■ What you need to do
With the line containing "Marks to be" as the starting point, output the remaining lines of the data exactly as they are, through the last.

■ Given data
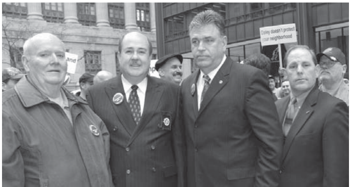
Informational Picketing, April 2nd, 2009

luncheon will be provided by the 018 th District following the ceremony so please call (312) 742-5778 if you are planning to attend.
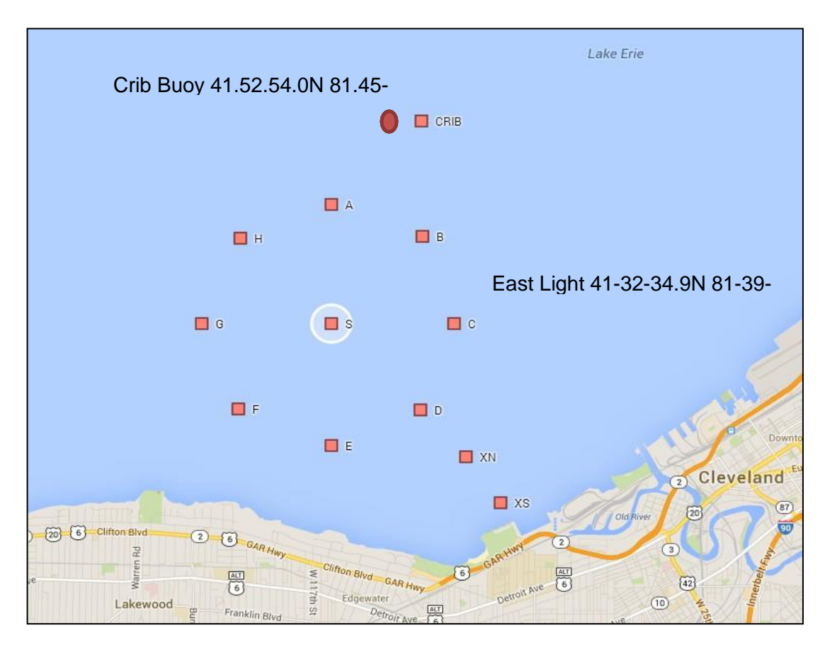
Marks to be passed in the following order:

Edgewater Yacht Club – Cleveland Race Week June 24, 2016

■ Task answer
Marks to be passed in the following order:

Edgewater Yacht Club – Cleveland Race Week June 24, 2016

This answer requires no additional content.